**Data**
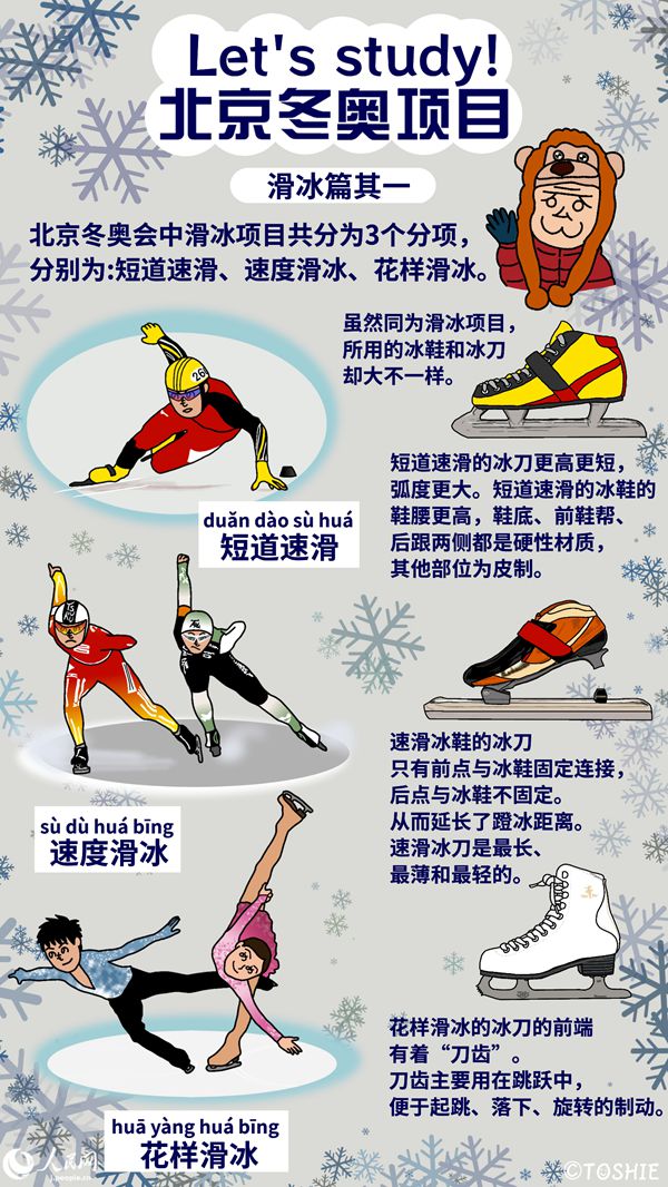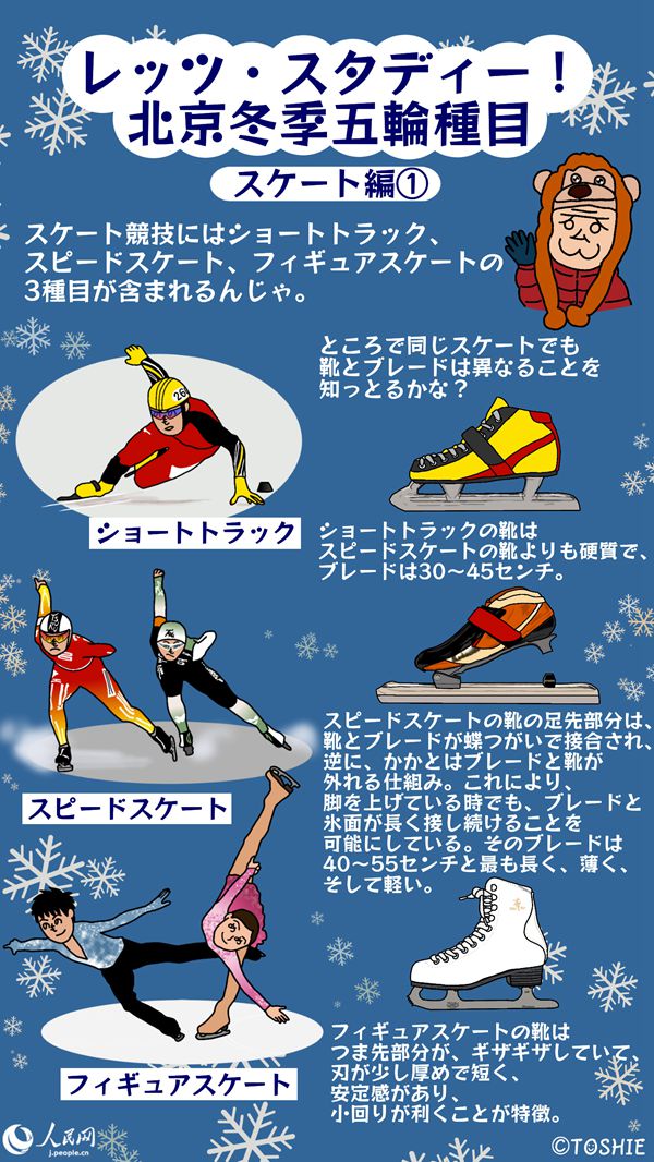2022年2月4日から中國の北京で開催される北京冬季五輪。その開會に先立ち、人民網では冬季五輪の計7競技(スキー、スケート、アイスホッケー、カーリング、ボブスレー、リュージュ、バイアスロン)と15種別(アルペンスキー、フリースタイルスキー、スノーボード、ジャンプ、クロスカントリースキー、ノルディック複合、ショート?トラック、スピード?スケート、フィギュア?スケート、アイスホッケー、カーリング、ボブスレー、スケルトン、リュージュ、バイアスロン)を「イラストで知ろう!イマドキ中國」でおなじみのキャラたちが中國語と日本語で紹介。普段はあまり觸れることのないこうした競技名などを観戦前に予習していこう!
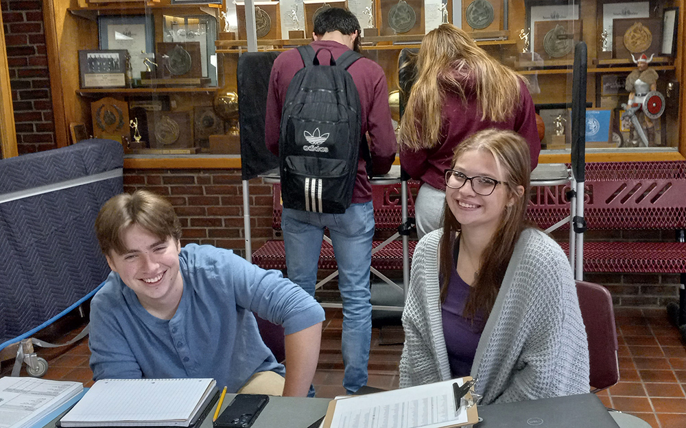 Students from Caribou High School participated in a mock state election on Oct. 25, with some handling the registration books so others could mark their ballots. (Courtesy of Caribou High School)
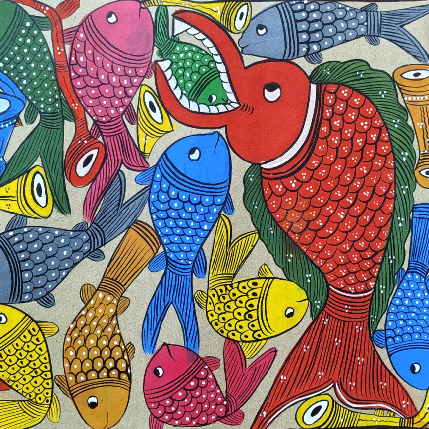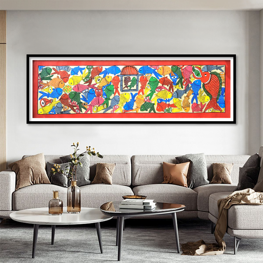 Madhubani Fish Theme Painting | Handcrafted Mithila Folk Art
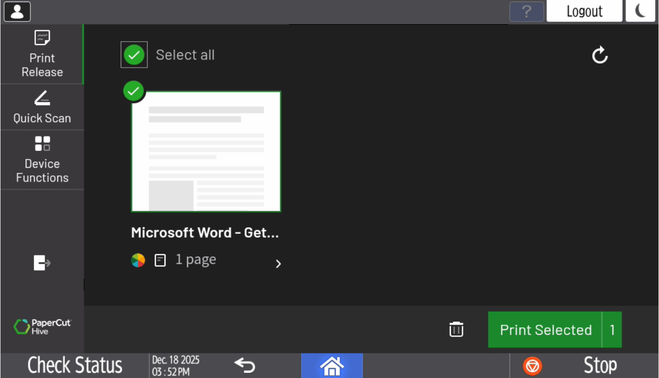 - Print Selected can be used to print any print jobs submitted to the Papercut - IMG Academy Student printer. Simply select any jobs from this screen you’d like to print and select Print.
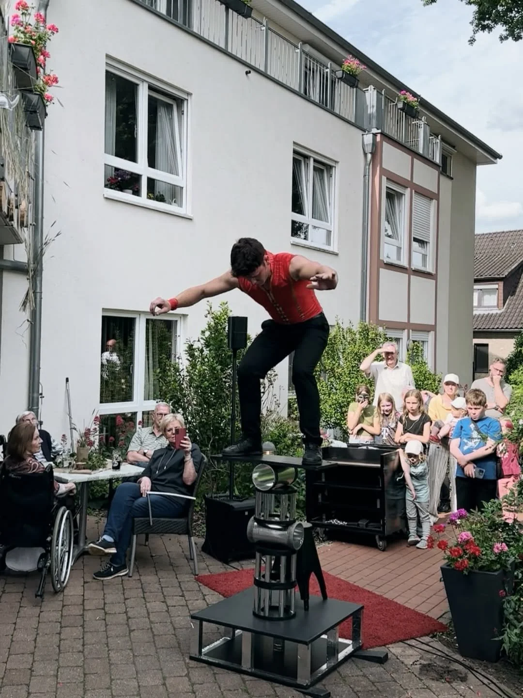 Ich kann mich an jede Bühne, jede Veranstaltung und jedes Publikum anpassen. Jeder Auftritt verwandelt den Raum in einen Ort der Faszination und Freude.
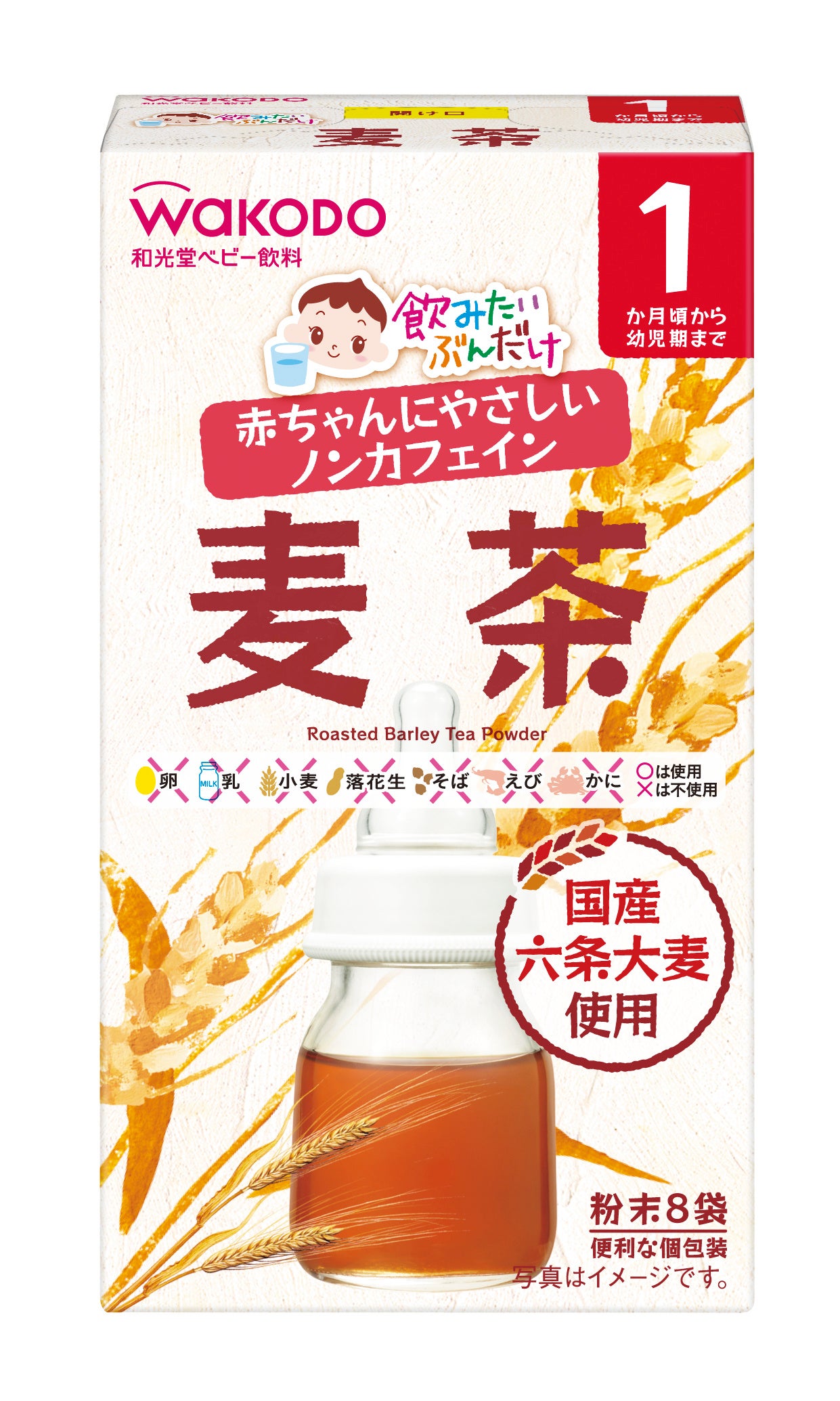 国産の六条大麦を使用した粉末飲料の麦茶です。1か月頃から幼児期までを対象にしています。お食事中やお出かけ先など毎日の水分補給にお使いいただけます。ノンカフェインです。
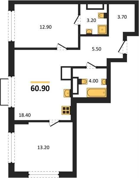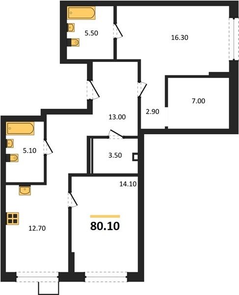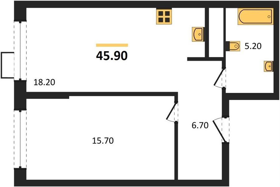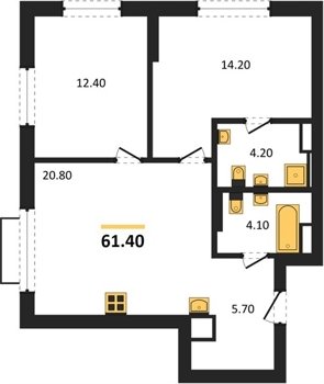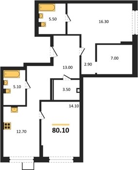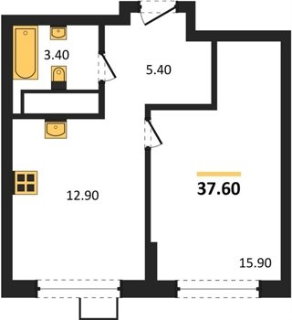 Площадь от 35.8 м2
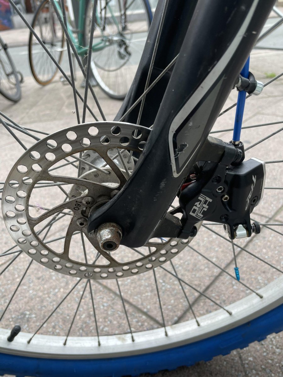 Fourche avant suspendue avec frein à disque et étrier hybride méca/hydro
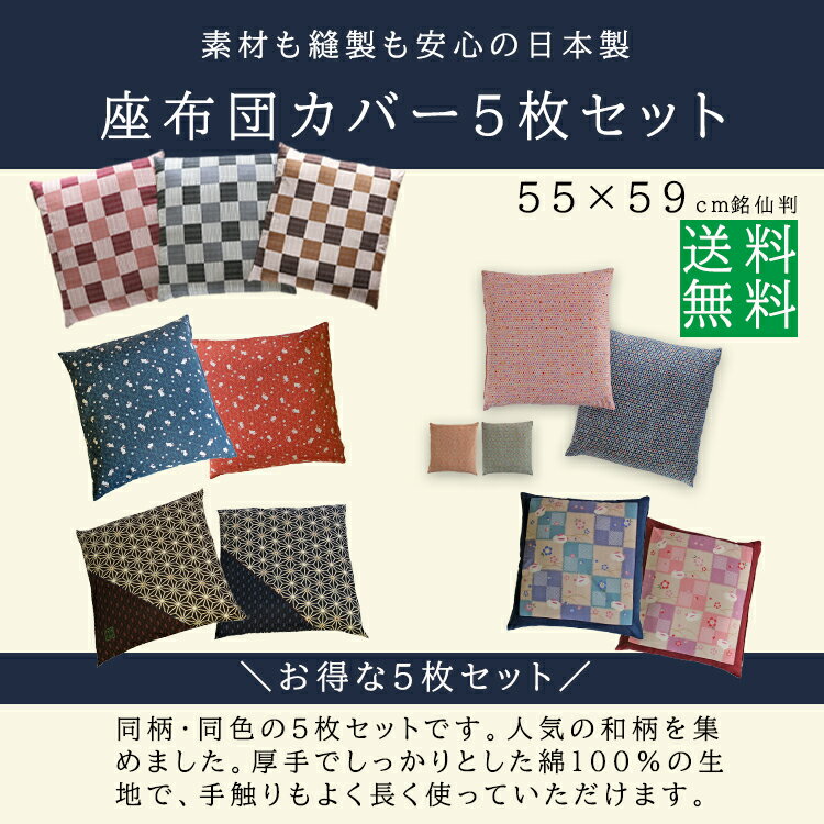 座布団カバー5枚組 55X59 銘仙判 ざぶとんカバー 業務用 和室用 ご家庭でも 送料無料 北欧 55 59
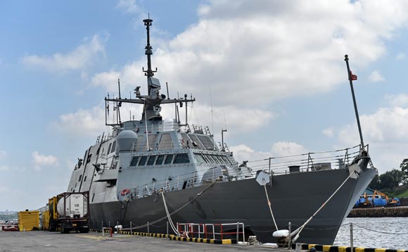 我们的境况因此会怎样?麦克唐纳大胆引用自己的证据和逻辑。他指出,目前美国的对外政策总的来说是遏制俄罗斯和中国,而且主张把两国引向西方的安全框架内。他还力主某些公认的南中国海自然资源区域共享。这两个都是好主意,但并不新鲜,因此给人的感觉是有些像硬塞进去的一样。图为2015年2月17日,美国濒海战斗舰“沃斯堡”号停靠新加坡。有媒体评论,美军将新锐战舰部署亚太,对华防范意图明显。

**Directions**
Write out the entries above verbatim, without pictures.

**Result**
2022年2月4日から中國の北京で開催される北京冬季五輪。その開會に先立ち、人民網では冬季五輪の計7競技(スキー、スケート、アイスホッケー、カーリング、ボブスレー、リュージュ、バイアスロン)と15種別(アルペンスキー、フリースタイルスキー、スノーボード、ジャンプ、クロスカントリースキー、ノルディック複合、ショート?トラック、スピード?スケート、フィギュア?スケート、アイスホッケー、カーリング、ボブスレー、スケルトン、リュージュ、バイアスロン)を「イラストで知ろう!イマドキ中國」でおなじみのキャラたちが中國語と日本語で紹介。普段はあまり觸れることのないこうした競技名などを観戦前に予習していこう!
 Students from Caribou High School participated in a mock state election on Oct. 25, with some handling the registration books so others could mark their ballots. (Courtesy of Caribou High School)
 Madhubani Fish Theme Painting | Handcrafted Mithila Folk Art
 - Print Selected can be used to print any print jobs submitted to the Papercut - IMG Academy Student printer. Simply select any jobs from this screen you’d like to print and select Print.
 Ich kann mich an jede Bühne, jede Veranstaltung und jedes Publikum anpassen. Jeder Auftritt verwandelt den Raum in einen Ort der Faszination und Freude.
 国産の六条大麦を使用した粉末飲料の麦茶です。1か月頃から幼児期までを対象にしています。お食事中やお出かけ先など毎日の水分補給にお使いいただけます。ノンカフェインです。
 Площадь от 35.8 м2
 Fourche avant suspendue avec frein à disque et étrier hybride méca/hydro
 座布団カバー5枚組 55X59 銘仙判 ざぶとんカバー 業務用 和室用 ご家庭でも 送料無料 北欧 55 59
 我们的境况因此会怎样?麦克唐纳大胆引用自己的证据和逻辑。他指出,目前美国的对外政策总的来说是遏制俄罗斯和中国,而且主张把两国引向西方的安全框架内。他还力主某些公认的南中国海自然资源区域共享。这两个都是好主意,但并不新鲜,因此给人的感觉是有些像硬塞进去的一样。图为2015年2月17日,美国濒海战斗舰“沃斯堡”号停靠新加坡。有媒体评论,美军将新锐战舰部署亚太,对华防范意图明显。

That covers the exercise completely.